Я продолжал сидеть на полу в холодном храме, продолжая складывать Слово из осколков цветных витражей, выбитых взрывом. Не получалось. Только зря порезался:
– Если женщина просит прощения, значит, она уверена, что виноват ты.
– Человека нельзя остановить, если он не дорожит жизнью.
– Рядом за плечами большой любви всегда стоит смерть.
– Мне не нужны цветы с помойки.
– Как часто причинами фатальных судьбоносных событий является недоразумение.
. . . . . . . . . .
. . . . . . . ……. ……. ……… ……… …… …….
Я как спартанец, соблюдал свою чистоту, чтобы построить свой организм, как древний индейский воин я хранил чистоту, чтобы ничего не отвлекало меня от более важных дел. Древние считали полное воздержание мужчины до двадцати четырех лет, безусловно, полезным и необходимым условием для создания идеального организма. Чем я и занимался.

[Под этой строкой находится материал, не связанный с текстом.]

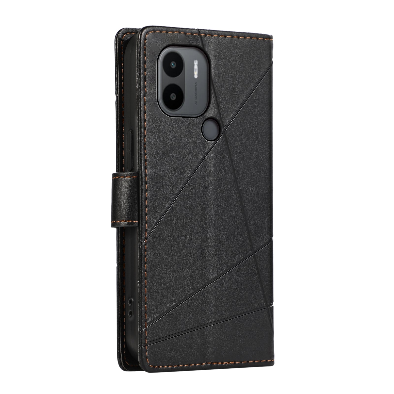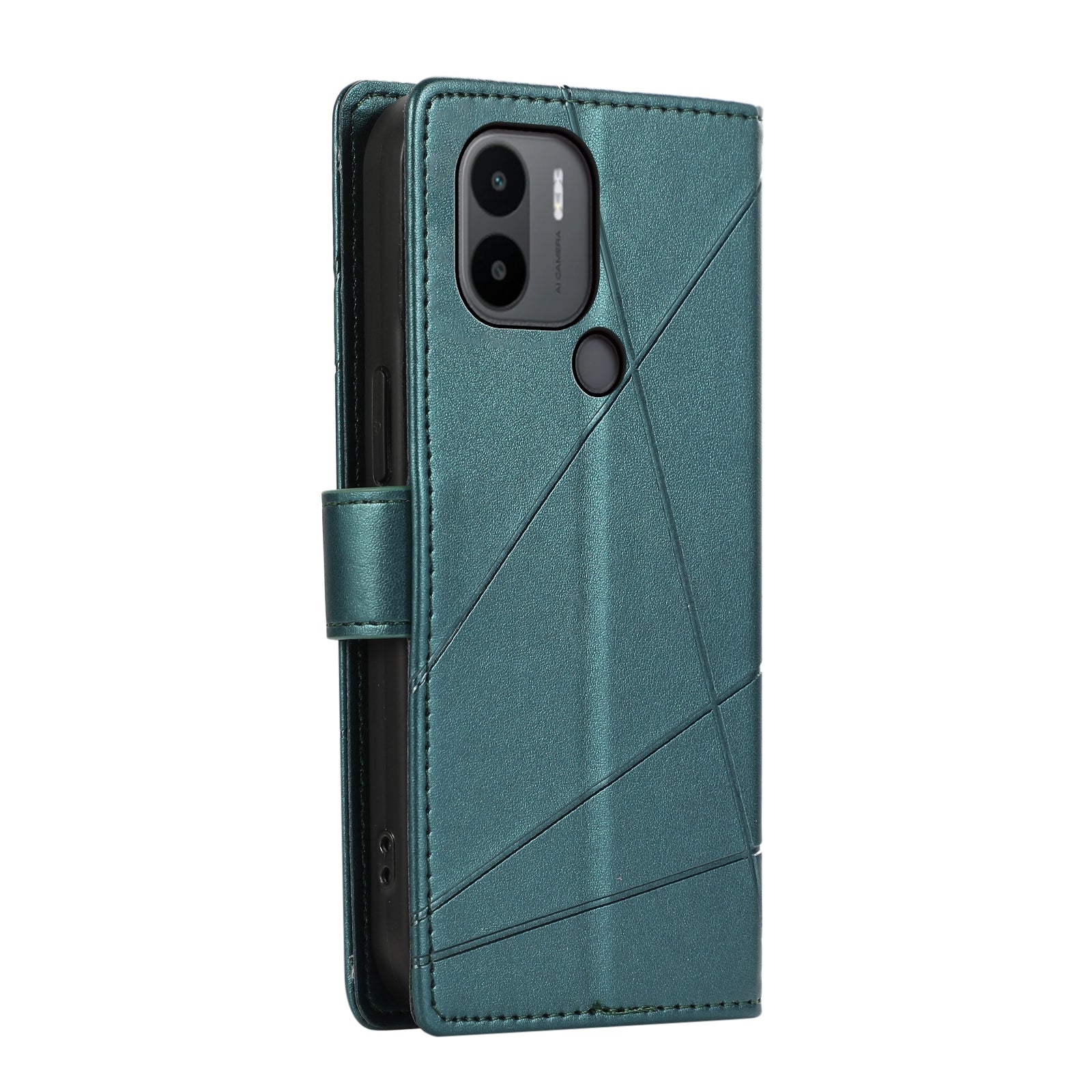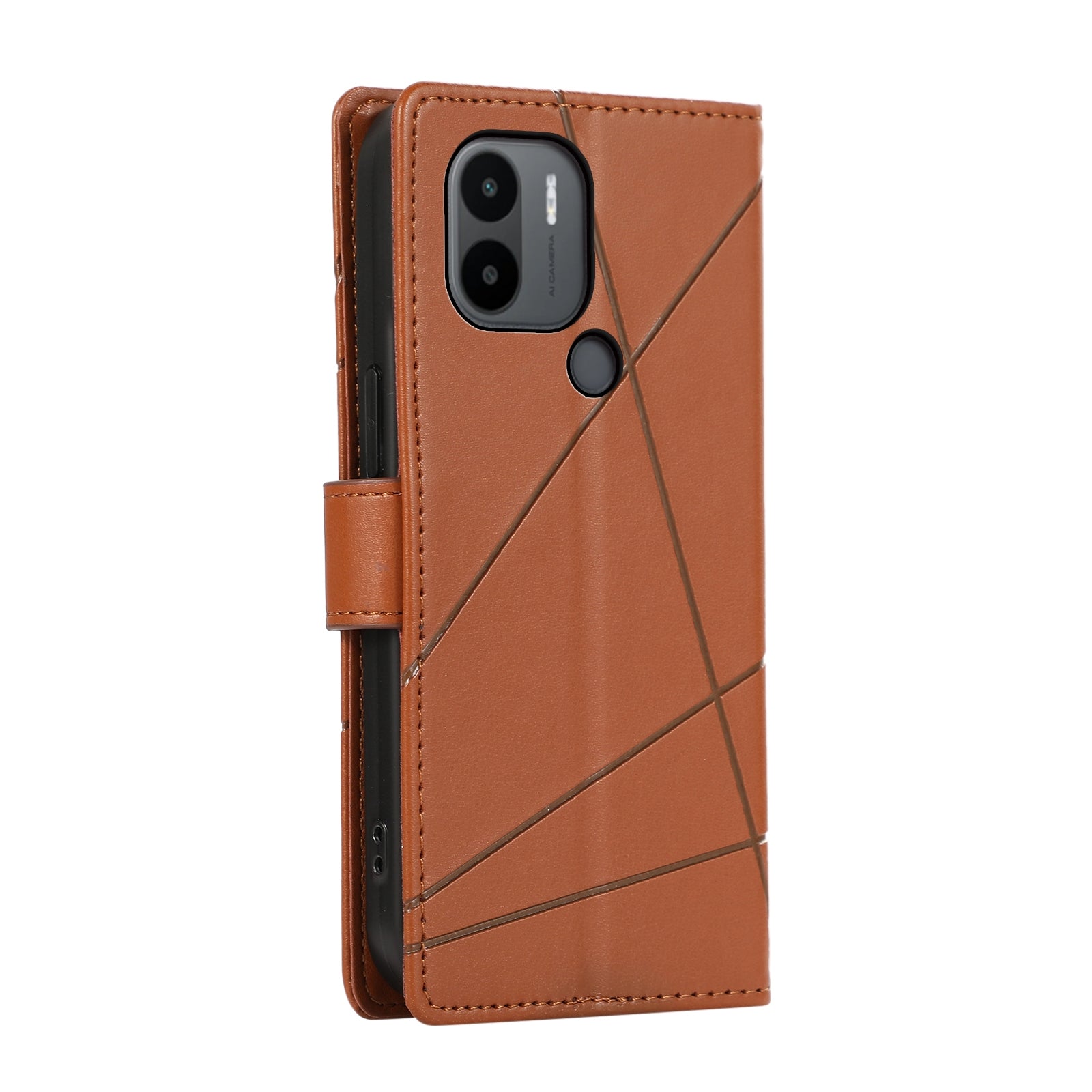 Xiaomi Redmi A1+ Genuine Leather Texture Embossed Line Phone Case with Card Wallet & Kickstand

П.С. Что касается количества часов в сутках, поделенных надвое, то вышло это по незнанию. …. …………., а разговоры – разговоры и есть. Видимо что-то услышанное я и принял за чистую монету. Впоследствии чего, я честно отрабатывал ….. ….. . Дама же оказалась столь коварной и хитрой, что с напускным равнодушием подписывала один наряд за другим. К моему счастью через пару недель, один из моих знакомых со смехом поделился со мной сведениями, которыми в свою очередь поделилась с ним пораженная до глубины души дама. Я сделал выводы. Больше такое не повторялось.
. . . . . . . . . .
Жизнь пошла по другому витку, да сердце-то, не пошло. Я сдержал своё слово, я ждал двадцать лет.
. . . . . . . . . .
Измена. ………… …….. …… …… …… …… …… …… ….. …….
Иначе он исчезнет в неизвестном направлении.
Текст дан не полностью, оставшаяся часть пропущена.